SAGE tags databases of normal and tumour colorectal tissues were retrieved from http://www.ncbi.nlm.nih.gov/geo (NC1, GSM728; NC2, GSM729; TU98, GSM756; TU102, GSM755) and tags related to 98 putative MSI target genes were extracted using a Perl script. A list of the 98 genes studied is available from the authors. The medium level of expression was considered to be below 60 tags per million, which incorporates 90% of the transcripts detected by SAGE. Expression information for the 41 of 98 putative MSI target genes represented in the microarray dataset of normal and colorectal cancer tissues obtained by Nottermann and co-workers was extracted from http://microarray.princeton.edu/oncology/Data/CarcinomaNormalDatasetCancerResearch.txt using Perl scripts. These data were obtained using the MAS4 Affymetrix software and centred to an average signal of 50 intensity units. We therefore divided the data set into three groups: unexpressed genes, showing an average expression level <0 intensity units (21.7% of genes); genes expressed at medium to low level, showing an average level of expression between 0 and 400 intensity units (75.5% of genes); highly expressed genes, showing an average expression level >400 intensity units (2.56% of genes).

Accession numbers

BMP7 (bone morphogenetic protein 7), GenBank accession no. NM_001719; Porin 31HM cDNA, LOC158553, GenBank accession no. XM_018142; PP610, GenBank accession no. AF177331; IMPD2 transcript, GenBank accession no. BC015567; BAX β gene CDS, GenBank accession no. L22474; PIG-T mRNA, GenBank accession no. AB057724; PACE mRNA (paired basic amino acid cleaving enzyme), GenBank accession no. NM_002569; WNT16 mRNA, GenBank accession no. NM_016087; DSTN, GenBank accession no. NM_006870; NDUFC2, GenBank accession no. NM_004549; ZMPSTE24, GenBank accession no. NM_005857; KIAA0905, GenBank accession no. AB020712; P4HB, GenBank accession no. NM_000918; MBD4, GenBank accession no. NM_003925.

RESULTS

Expression of known putative target genes in human colorectal mucosa

Several studies have recently reported a number of candidate target genes of MSI in colorectal cancers. We studied expression of 98 genes found mutated at coding microsatellites in 5–58% of MSI+ colorectal cancers (9,1317). We first examined expression of their CDS in human normal colorectal mucosa by high density oligonucleotide (HDO; Affymetrix) microarrays. Within this chip, 77 of 98 of the above-mentioned putative MSI target genes were represented by at least one probe set. Among these 77, only 18 genes were found to be consistently expressed. Only the five (6%) genes DSTN, NDUFC2, ZMPSTE24, KIAA0905 and P4HB were found expressed at high level, i.e. not only ‘called as present’ but also showing a high signal.

To confirm our experimental data, we also checked the expression levels of these putative target genes reported in databases available online. In serial analysis of gene expression databases of normal colorectal mucosa and colorectal cancers, only two (MBD4 and P4HB) out of the 98 putative MSI target genes were found expressed over a medium level. Expression of the same 98 genes was also investigated in a microarray dataset obtained by Notterman and co-workers from normal and neoplastic colorectal tissues (20). Forty-one out of 98 genes were represented in Notterman’s data set. Ten of these 41 genes were not expressed, while the remaining ones were expressed at a medium to low level. There were no highly expressed genes.

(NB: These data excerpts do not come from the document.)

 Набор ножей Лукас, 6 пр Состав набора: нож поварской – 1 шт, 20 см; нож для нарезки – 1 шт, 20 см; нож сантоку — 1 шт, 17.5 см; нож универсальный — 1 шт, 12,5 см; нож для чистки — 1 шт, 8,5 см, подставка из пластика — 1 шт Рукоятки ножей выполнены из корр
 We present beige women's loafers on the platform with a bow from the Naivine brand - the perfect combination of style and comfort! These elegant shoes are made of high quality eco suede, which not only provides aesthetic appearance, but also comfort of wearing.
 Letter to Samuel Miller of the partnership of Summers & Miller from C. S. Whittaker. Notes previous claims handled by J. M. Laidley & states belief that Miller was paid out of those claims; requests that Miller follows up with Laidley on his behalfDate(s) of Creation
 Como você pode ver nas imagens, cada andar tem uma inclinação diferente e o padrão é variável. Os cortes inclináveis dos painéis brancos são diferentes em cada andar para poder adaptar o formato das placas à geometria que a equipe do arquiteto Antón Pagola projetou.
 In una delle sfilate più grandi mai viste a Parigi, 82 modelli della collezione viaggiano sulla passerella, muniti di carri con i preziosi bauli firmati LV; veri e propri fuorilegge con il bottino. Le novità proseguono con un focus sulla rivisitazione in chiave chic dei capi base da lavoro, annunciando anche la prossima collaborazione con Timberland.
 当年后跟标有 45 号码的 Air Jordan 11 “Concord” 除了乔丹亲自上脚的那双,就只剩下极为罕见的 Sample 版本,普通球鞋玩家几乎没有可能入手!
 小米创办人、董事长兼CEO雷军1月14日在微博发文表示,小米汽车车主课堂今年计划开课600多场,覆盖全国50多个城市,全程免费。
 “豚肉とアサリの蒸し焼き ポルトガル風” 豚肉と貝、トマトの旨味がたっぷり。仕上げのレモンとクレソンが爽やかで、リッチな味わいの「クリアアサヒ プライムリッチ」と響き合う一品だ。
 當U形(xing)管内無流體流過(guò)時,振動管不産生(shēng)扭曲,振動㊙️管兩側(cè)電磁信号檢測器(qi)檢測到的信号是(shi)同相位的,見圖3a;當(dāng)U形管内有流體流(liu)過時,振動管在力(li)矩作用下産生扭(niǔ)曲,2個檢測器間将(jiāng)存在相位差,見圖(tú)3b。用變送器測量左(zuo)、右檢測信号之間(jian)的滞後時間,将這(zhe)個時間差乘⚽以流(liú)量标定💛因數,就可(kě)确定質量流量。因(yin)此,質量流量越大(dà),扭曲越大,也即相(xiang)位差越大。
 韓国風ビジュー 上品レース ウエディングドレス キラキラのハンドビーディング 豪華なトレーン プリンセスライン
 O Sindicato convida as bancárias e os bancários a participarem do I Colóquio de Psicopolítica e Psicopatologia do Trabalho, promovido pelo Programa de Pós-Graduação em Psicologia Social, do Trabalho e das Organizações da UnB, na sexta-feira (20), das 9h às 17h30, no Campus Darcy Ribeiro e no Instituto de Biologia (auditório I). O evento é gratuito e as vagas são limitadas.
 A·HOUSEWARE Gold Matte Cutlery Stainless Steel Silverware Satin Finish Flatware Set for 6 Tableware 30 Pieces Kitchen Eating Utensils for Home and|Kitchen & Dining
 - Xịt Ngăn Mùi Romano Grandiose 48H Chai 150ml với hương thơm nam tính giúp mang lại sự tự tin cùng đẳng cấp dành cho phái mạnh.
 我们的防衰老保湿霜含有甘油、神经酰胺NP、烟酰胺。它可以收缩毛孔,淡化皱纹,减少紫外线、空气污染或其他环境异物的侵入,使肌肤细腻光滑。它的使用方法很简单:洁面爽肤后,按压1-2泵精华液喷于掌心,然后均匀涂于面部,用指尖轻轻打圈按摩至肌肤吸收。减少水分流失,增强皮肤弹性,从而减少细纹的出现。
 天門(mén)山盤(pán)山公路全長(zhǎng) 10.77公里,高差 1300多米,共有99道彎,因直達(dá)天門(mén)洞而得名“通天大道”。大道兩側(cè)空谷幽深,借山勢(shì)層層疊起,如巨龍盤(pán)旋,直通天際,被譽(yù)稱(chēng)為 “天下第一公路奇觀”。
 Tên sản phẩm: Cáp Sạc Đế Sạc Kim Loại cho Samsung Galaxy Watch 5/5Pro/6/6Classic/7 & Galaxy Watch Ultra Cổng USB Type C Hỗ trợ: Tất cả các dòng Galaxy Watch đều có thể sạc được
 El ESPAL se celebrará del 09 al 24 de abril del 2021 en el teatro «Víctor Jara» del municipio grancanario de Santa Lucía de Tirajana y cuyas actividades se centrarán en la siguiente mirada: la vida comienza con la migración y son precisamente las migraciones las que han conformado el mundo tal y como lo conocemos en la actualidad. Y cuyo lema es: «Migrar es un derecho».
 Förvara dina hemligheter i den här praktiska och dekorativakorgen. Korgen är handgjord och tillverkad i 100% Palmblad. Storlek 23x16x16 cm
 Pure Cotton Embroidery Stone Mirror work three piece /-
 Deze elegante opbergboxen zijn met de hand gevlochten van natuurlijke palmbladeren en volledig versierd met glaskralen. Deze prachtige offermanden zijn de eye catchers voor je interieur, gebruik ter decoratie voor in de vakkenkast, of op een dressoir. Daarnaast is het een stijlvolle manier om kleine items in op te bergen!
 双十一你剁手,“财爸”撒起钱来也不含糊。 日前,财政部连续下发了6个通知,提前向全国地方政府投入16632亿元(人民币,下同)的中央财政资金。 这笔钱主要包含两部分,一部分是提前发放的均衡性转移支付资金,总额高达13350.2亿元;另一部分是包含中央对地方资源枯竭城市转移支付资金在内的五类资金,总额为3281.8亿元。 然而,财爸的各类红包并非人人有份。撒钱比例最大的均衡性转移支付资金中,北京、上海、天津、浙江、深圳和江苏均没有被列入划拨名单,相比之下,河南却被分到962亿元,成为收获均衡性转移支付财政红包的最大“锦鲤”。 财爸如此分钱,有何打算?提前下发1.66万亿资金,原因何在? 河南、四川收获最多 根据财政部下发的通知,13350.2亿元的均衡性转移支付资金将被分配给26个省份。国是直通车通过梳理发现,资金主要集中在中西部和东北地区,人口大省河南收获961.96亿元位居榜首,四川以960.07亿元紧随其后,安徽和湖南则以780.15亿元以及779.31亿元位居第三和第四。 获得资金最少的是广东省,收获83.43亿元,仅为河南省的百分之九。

In conclusion, most of the genes identified as putative MSI targets are barely expressed in normal and cancerous human colorectal tissues, with a distribution overlapping that of the whole set of explored genes. This indicates that genes found with DNA-scanning methods are probably not any more functionally relevant in colon tissues than any other gene, and that their mutant versions are unlikely to have been selected during tumour progression.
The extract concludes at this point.